The range of hFE from 100 to 300 is listed only when the collector current is 10mA. So you can design at 10mA with a "typical" hFE of 200.
Then the average base current is 50uA and the current in the voltage divider feeding the base can be 250uA to 500uA.
Higher or lower collector and base current ratios will be similar.

If you select an emitter resistor value to have a couple of volts across it then it adds some negative feedback to cancel differences in hFE values of different transistors and cancels most of the base-emitter voltage differences of different transistors.
The emitter resistor also adds AC negative feedback that reduces the voltage gain and reduces distortion. Adding a bypass capacitor across the emitter resistor increases the AC gain.

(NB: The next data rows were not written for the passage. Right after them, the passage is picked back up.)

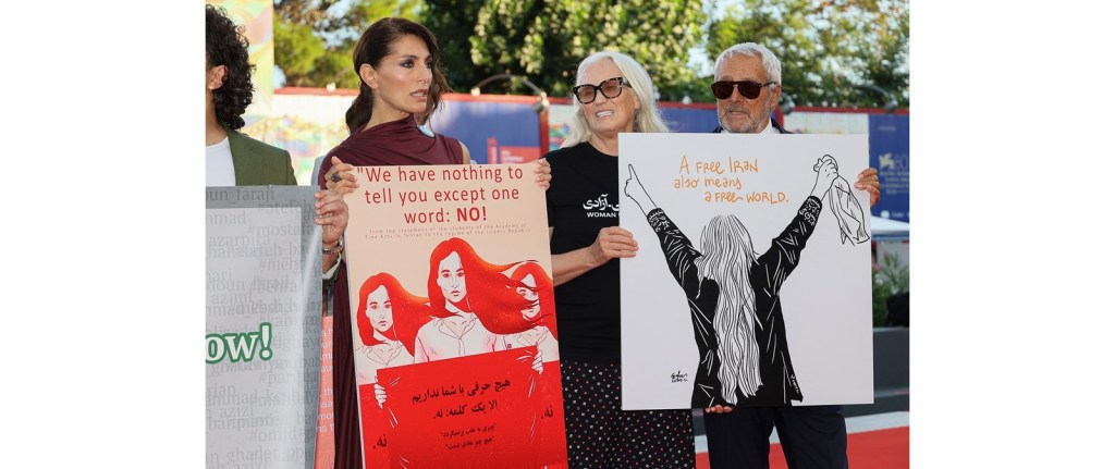 Λίγο πριν την προβολή της ταινίας Tatami, των σκηνοθετών Guy Nattiv και Zar Amir Ebrahimi, το Σάββατο 2 Σεπτεμβρίου στην πρεμιέρα στη Sala Darsena του Φεστιβάλ Βενετίας, επέλεξαν να διαμαρτυρηθούν για τους Ιρανούς καλλιτέχνες, με πανό και πλακάτ οι Caterina Murino, Jane Campion και Fabrizio Ciccuto, και άλλοι. Η ταινία είναι μια συνεργασία μεταξύ ενός Ισραηλινού σκηνοθέτη και μιας Ιρανής ηθοποιού.
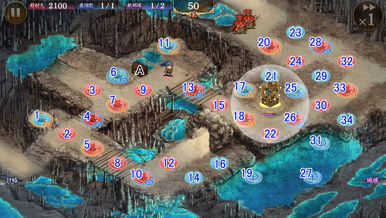 | シーサー像:射程内の沖縄城娘が強化 山、水の属性強化マスが配置 |
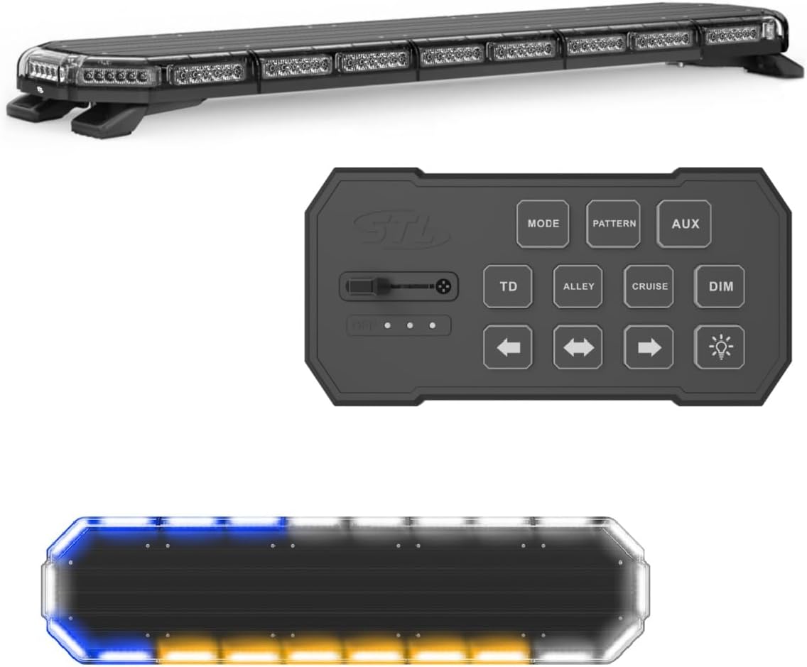 SpeedTech Lights K-Force Elite 47 Full Size LED Strobe Light Bar – 132 LEDs 396W Roof Mount Emergency Warning Light for Tow Trucks, Fire, EMS, Plows & Wreckers (Blue/Clear)
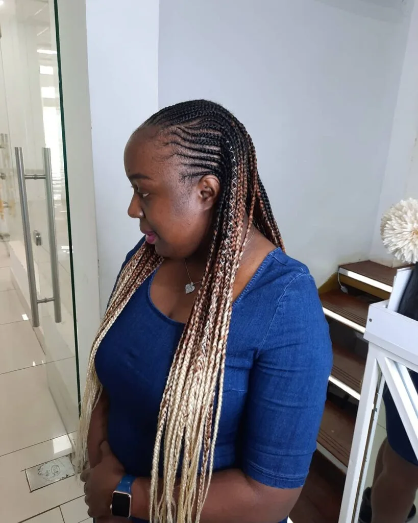 Two thinner braids at the front add softness and balance to the look. The metallic color choice makes the hairstyle stand out while still offering the protective benefits of traditional Ghana braids. It’s a confident and creative choice for modern style lovers.

Yes, you're worrying too much about hFE.

When designing an amp as above, the only time I use hFE is to determine the voltage divider resistors. As Audio said, the current through the voltage divider needs to be about 10 times the max Ib.

So choose the collector current you need (this depend upon what the amp is driving) & calculate Ib using the min hFE in the region of the collector current. eg. if you want Ic to be about 5 mA, then use hFE nearest, eg. if the data sheet gives it at 10 mA, then that is near enough.

Then choose the emitter voltage (Audio suggested 2 Volt which is reasonable) add 0.7 to give you the approx base voltage & then design a voltage divider that gives you approx that voltage & has a current approx 10 * Ib through the resistors.

Then you can calculate the emitter resistor to give you about 2 Volt & the collector resistor to set the quiescent collector voltage about mid way between cut-off & saturation.

eg. If you have a 10 Volt supply & about 2 Volt at the emitter, then about 6 Volt is reasonable.